Page 26 of A Passage to India


  The insensitiveness about Adela displeased him. It would, from every point of view, be right to treat her generously, and one day he had the notion of appealing to the memory of Mrs. Moore. Aziz had this high and fantastic estimate of Mrs. Moore. Her death had been a real grief to his warm heart; he wept like a child and ordered his three children to weep also. There was no doubt that he respected and loved her. Fielding’s first attempt was a failure. The reply was: “I see your trick. I want revenge on them. Why should I be insulted and suffer the contents of my pockets read and my wife’s photograph taken to the police station? Also I want the money—to educate my little boys, as I explained to her.” But he began to weaken, and Fielding was not ashamed to practise a little necromancy. Whenever the question of compensation came up, he introduced the dead woman’s name. Just as other propagandists invented her a tomb, so did he raise a questionable image of her in the heart of Aziz, saying nothing that he believed to be untrue, but producing something that was probably far from the truth. Aziz yielded suddenly. He felt it was Mrs. Moore’s wish that he should spare the woman who was about to marry her son, that it was the only honour he could pay her, and he renounced with a passionate and beautiful outburst the whole of the compensation money, claiming only costs. It was fine of him, and, as he foresaw, it won him no credit with the English. They still believed he was guilty, they believed it to the end of their careers, and retired Anglo-Indians in Tunbridge Wells or Cheltenham still murmur to each other: “That Marabar case which broke down because the poor girl couldn’t face giving her evidence—that was another bad case.”

  When the affair was thus officially ended, Ronny, who was about to be transferred to another part of the Province, approached Fielding with his usual constraint and said: “I wish to thank you for the help you have given Miss Quested. She will not of course trespass on your hospitality further; she has as a matter of fact decided to return to England. I have just arranged about her passage for her. I understand she would like to see you.”

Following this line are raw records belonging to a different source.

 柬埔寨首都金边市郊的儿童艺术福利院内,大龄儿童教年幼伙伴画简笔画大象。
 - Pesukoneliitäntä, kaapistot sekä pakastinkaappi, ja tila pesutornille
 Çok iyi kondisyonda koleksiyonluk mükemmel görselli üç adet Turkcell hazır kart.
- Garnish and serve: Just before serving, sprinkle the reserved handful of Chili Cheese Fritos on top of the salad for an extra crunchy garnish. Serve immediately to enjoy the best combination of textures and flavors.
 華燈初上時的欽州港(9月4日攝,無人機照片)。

  “I shall go round at once.”

  On reaching the College, he found her in some upset. He learnt that the engagement had been broken by Ronny. “Far wiser of him,” she said pathetically. “I ought to have spoken myself, but I drifted on wondering what would happen. I would willingly have gone on spoiling his life through inertia—one has nothing to do, one belongs nowhere and becomes a public nuisance without realizing it.” In order to reassure him, she added: “I speak only of India. I am not astray in England. I fit in there—no, don’t think I shall do harm in England. When I am forced back there, I shall settle down to some career. I have sufficient money left to start myself, and heaps of friends of my own type. I shall be quite all right.” Then sighing: “But oh, the trouble I’ve brought on everyone here… . I can never get over it. My carefulness as to whether we should marry or not … and in the end Ronny and I part and aren’t even sorry. We ought never to have thought of marriage. Weren’t you amazed when our engagement was originally announced?”

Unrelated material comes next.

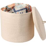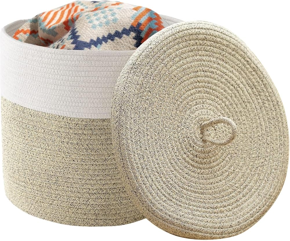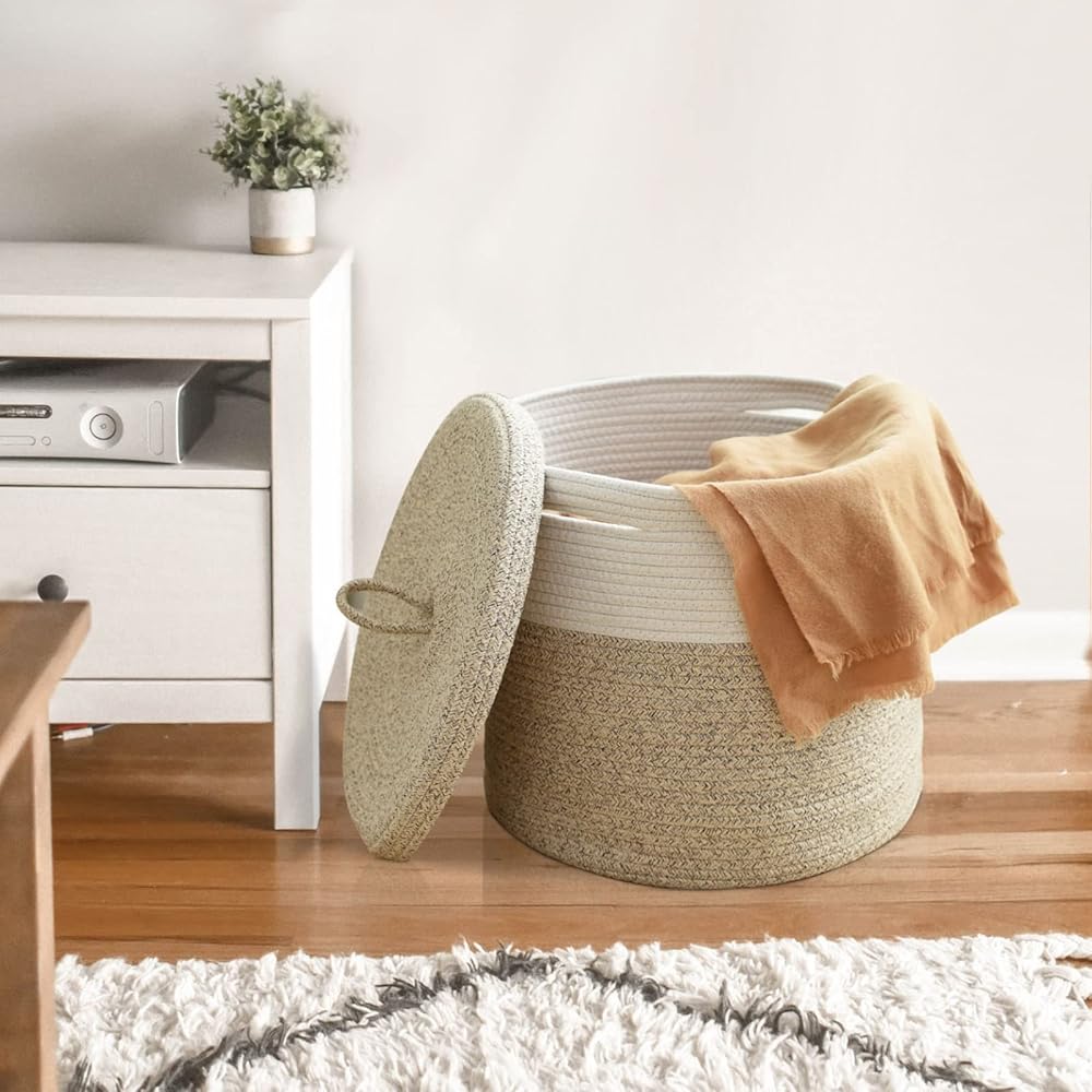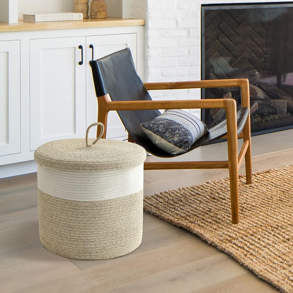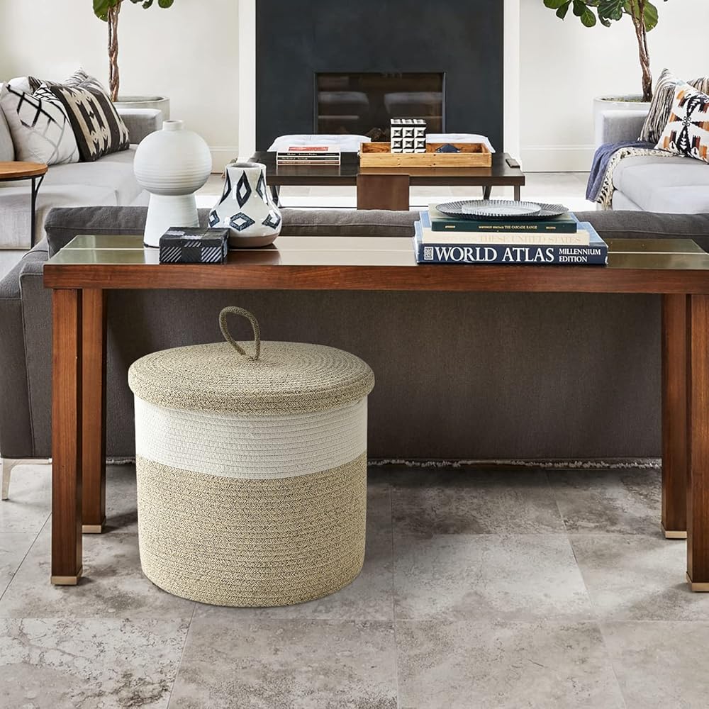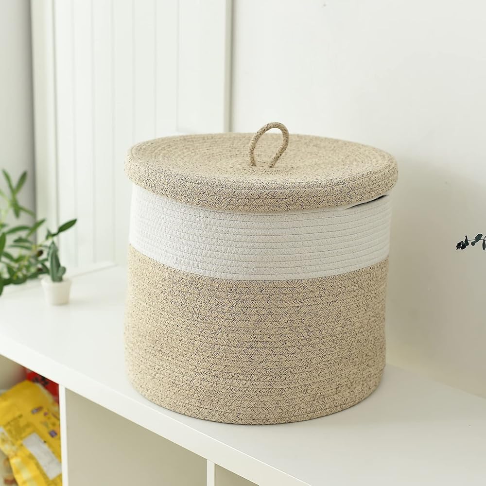 خامة فاخرة: مصنوعة من حبل منسوج بخيوط قطنية. سلة غسيل بمقابض وغطاء قويين، متينة وناعمة لذا فإن تحريك سلة الحبال المنسوجة سهل ويمكن وضعها في أي مكان في المنزل.

  “Not much. At my age one’s seldom amazed,” he said, smiling. “Marriage is too absurd in any case. It begins and continues for such very slight reasons. The social business props it up on one side, and the theological business on the other, but neither of them are marriage, are they? I’ve friends who can’t remember why they married, no more can their wives. I suspect that it mostly happens haphazard, though afterwards various noble reasons are invented. About marriage I am cynical.”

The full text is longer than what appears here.